To begin with, Life Course Theory is among the latest explanations of crime and deterrence in the contemporary society. In simple words, the theory assumes that there is a relationship or a correlation between early life offending and future deviance in an individual. More importantly, such relationship between early life and future deviance derives not only from individual’s character, but social events in one’s life also play a crucial role. This theory explains deviance or criminality in three basic points. The first explanation is based on the micro-level analysis, which uses informal institutions such as the family and schools to explain deliquesce in children. The second explanation concerns the flow or continuity of deviant behavior from childhood to adulthood. Lastly, the theory uses informal social attachments towards family or occupation in explaining desistance from delinquency.( Laub & Sampson, 2003)
Life Course Theory can be used to explain how the life of Leon changed him from a delinquent to more responsible person who desisted from acts of crime. First of all, on a micro-level, Leon’s family background can be held responsible for his acts of delinquency at a tender age. He experienced poor parenting with no one to give him proper guidance on what is good and not good, and the result is that he followed in the parents’ footsteps, which also had criminal record. (Sampson, and Laub. 2005).
Despite the poor informal family life in his early years, Leon went ahead and managed a stable life without any form of crime in his adult years. The major turning point to this change was his marriage. Through marriage, he developed a sense of responsibility towards his family; something that made him cut ties with his former allies who had delinquent characters. Cutting off of such ties compounded with a sense of responsibility is seen as the reason for Leon’s desistance. Military life also played a role in Leon’s desistance majorly through the strict adherence to law and order in such disciplined force. For instance, he talks of drinking in the military, but there was no engaging in any acts of crime.

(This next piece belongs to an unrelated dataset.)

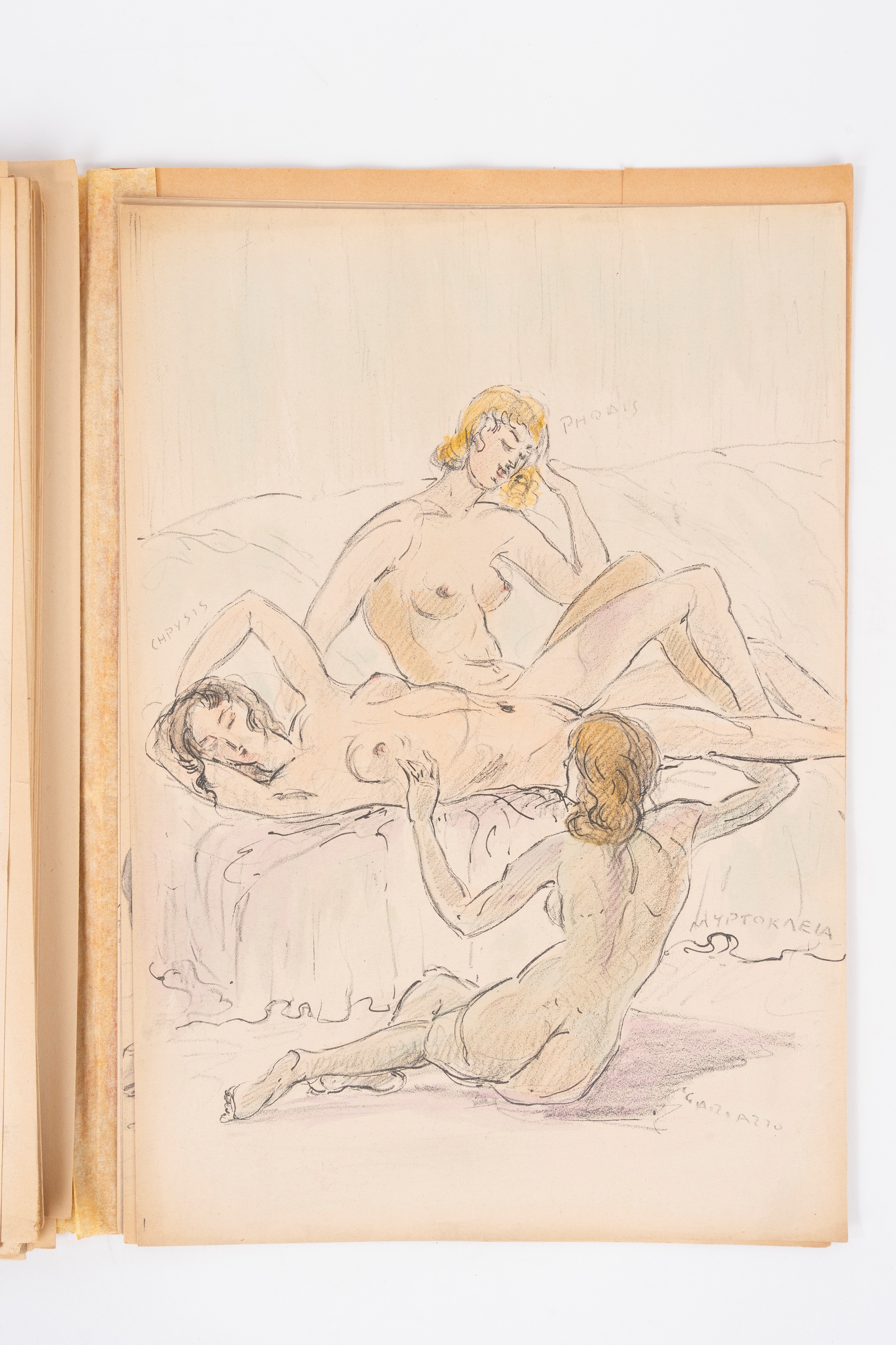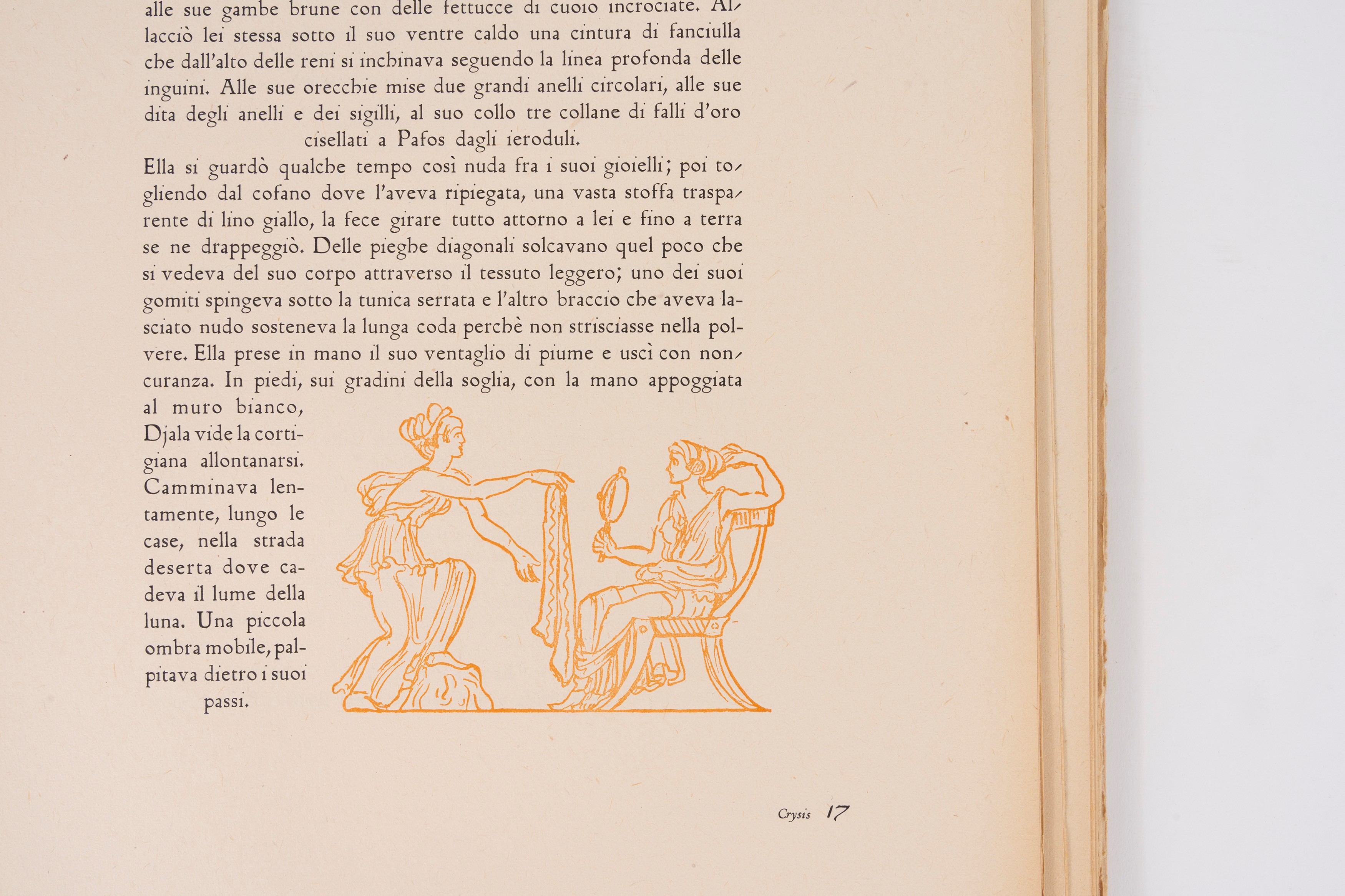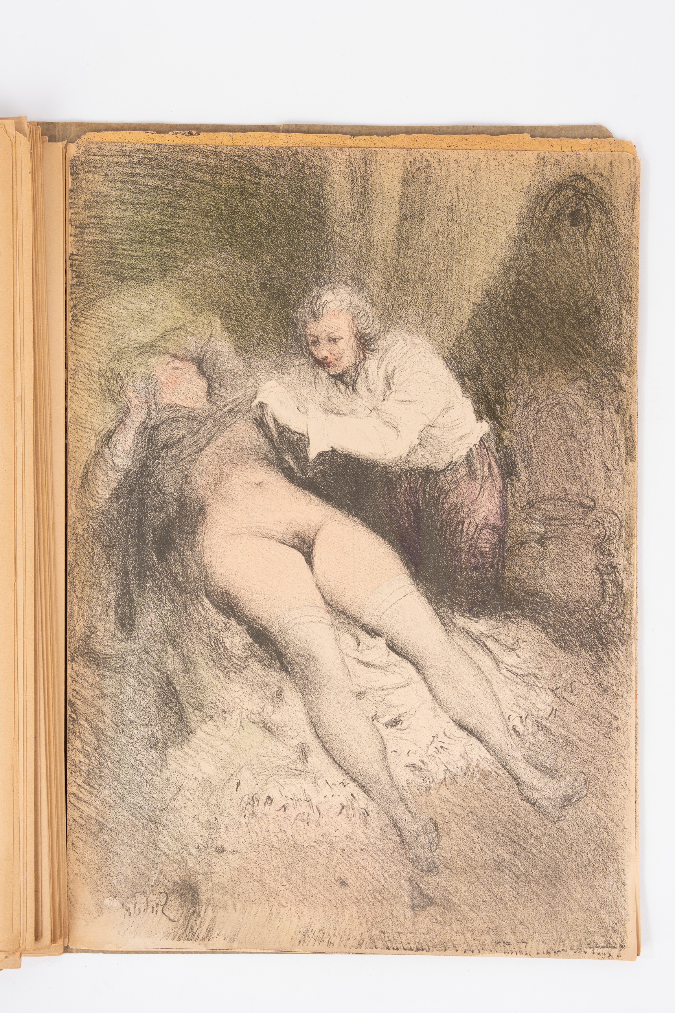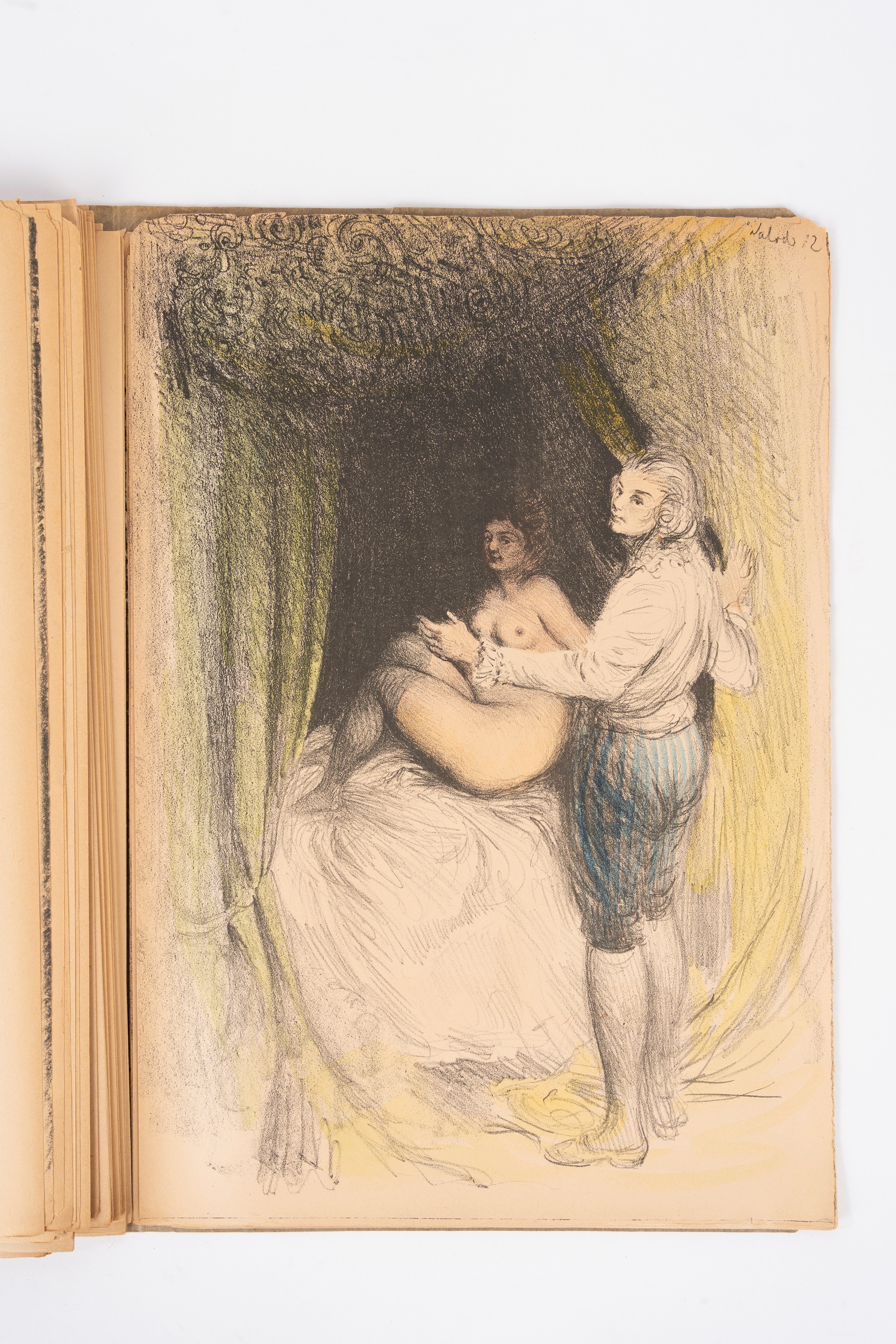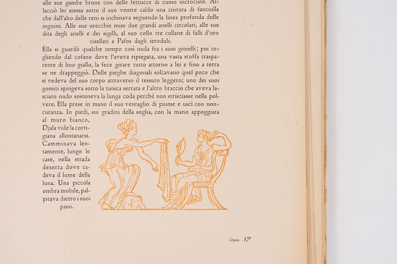 Turin, Dionysos - editore Vogliotti, 30 June 1948. Copy 29/296 common, enriched with 16 plates outside the text (lithographs) by the artist Adriano Sicbaldi, the images depict licentious and erotic scenes in keeping with the satirical and "fat" tone of Batacchi's stories, very fragile paper, untouched copy. § Pierre Louys. Aphrodite . Turin, Dionysos - editore Vogliotti, 30 June 1948. Copy 7/299 common, enriched with twelve plates outside the text painted in watercolor by the painter Gariazzo, all Pierre Louys. Aphrodite. Original, with tears and defects.

Hence, the military was also a turning point in his life. ( Laub & Sampson, 2003)
Lastly, Leon’s commitment to work can also be attributed to his desistance from crime. He narrates of having to work overtime just to support his family; this kept him busy for most parts of the day leaving no time for idleness. In essence, this translates to fewer hours for thinking delinquency. Thus, Life Course Theory can be used to explain occurrence of crime where informal ties are loose and hence, cannot properly socialize the younger generation and guide them into the right direction.